[Material shown]
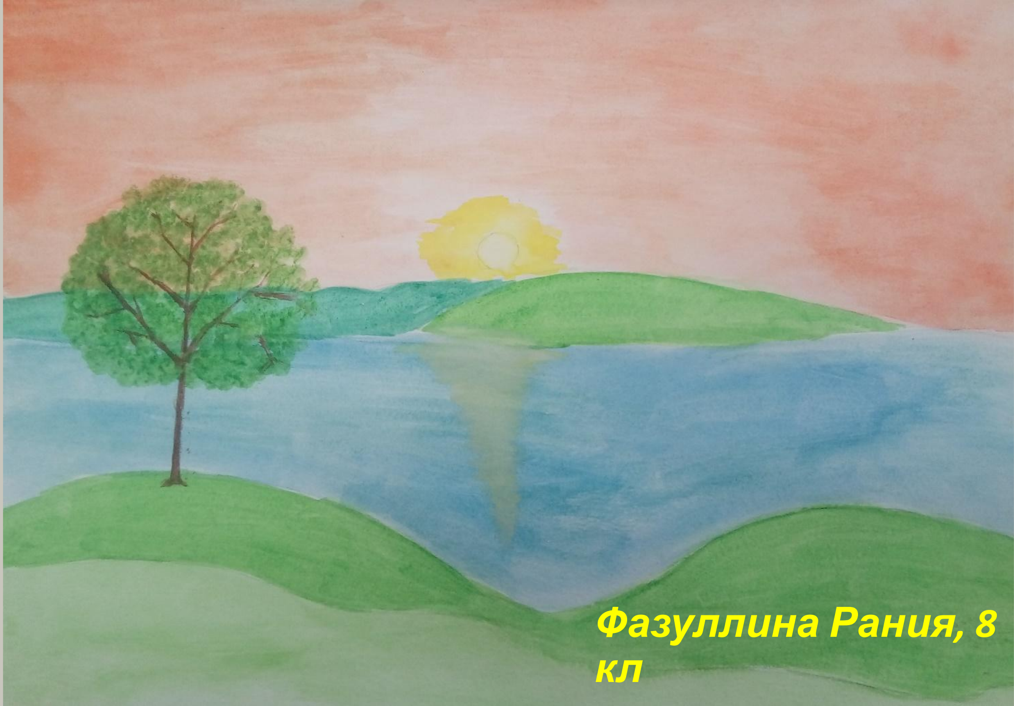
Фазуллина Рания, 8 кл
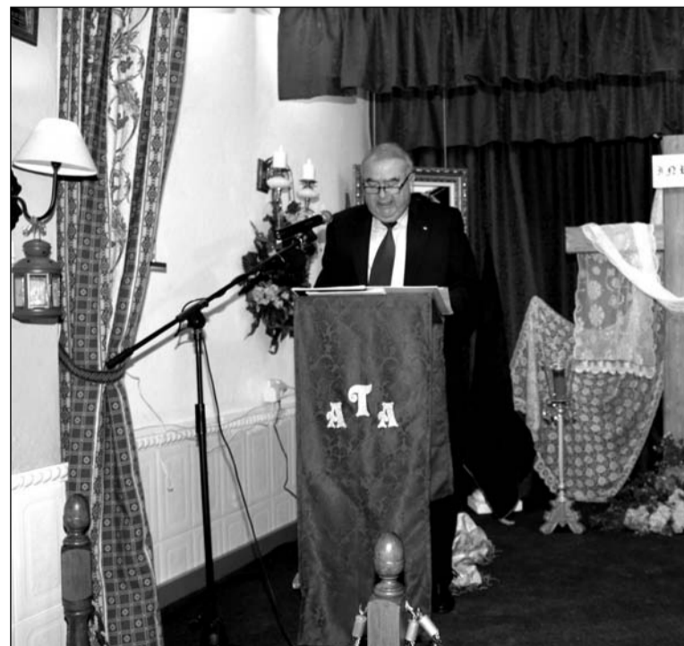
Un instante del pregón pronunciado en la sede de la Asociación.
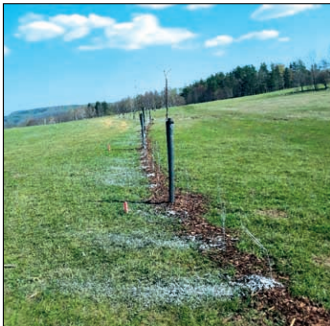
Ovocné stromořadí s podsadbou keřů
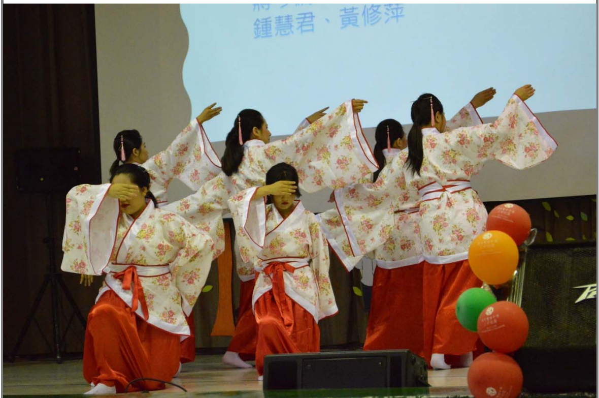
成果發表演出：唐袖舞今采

--

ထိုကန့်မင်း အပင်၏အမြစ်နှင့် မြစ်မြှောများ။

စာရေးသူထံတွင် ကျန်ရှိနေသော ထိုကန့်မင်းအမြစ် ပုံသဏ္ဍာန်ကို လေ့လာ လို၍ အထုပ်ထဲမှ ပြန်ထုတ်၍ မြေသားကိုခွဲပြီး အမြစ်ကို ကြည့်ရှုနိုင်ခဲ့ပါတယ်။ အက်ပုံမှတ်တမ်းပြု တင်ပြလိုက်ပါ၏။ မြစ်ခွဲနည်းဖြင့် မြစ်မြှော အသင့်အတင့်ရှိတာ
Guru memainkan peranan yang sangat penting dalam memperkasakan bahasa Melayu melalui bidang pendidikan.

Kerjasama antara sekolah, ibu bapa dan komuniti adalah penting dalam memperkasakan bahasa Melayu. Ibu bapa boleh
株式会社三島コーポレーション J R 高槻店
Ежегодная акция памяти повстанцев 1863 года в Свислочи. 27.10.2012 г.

[Aim of the exercise]
Which of the lines above mention the word "Melayu"? Pull those lines out.

[Response below]
Guru memainkan peranan yang sangat penting dalam memperkasakan bahasa Melayu melalui bidang pendidikan.
Kerjasama antara sekolah, ibu bapa dan komuniti adalah penting dalam memperkasakan bahasa Melayu. Ibu bapa boleh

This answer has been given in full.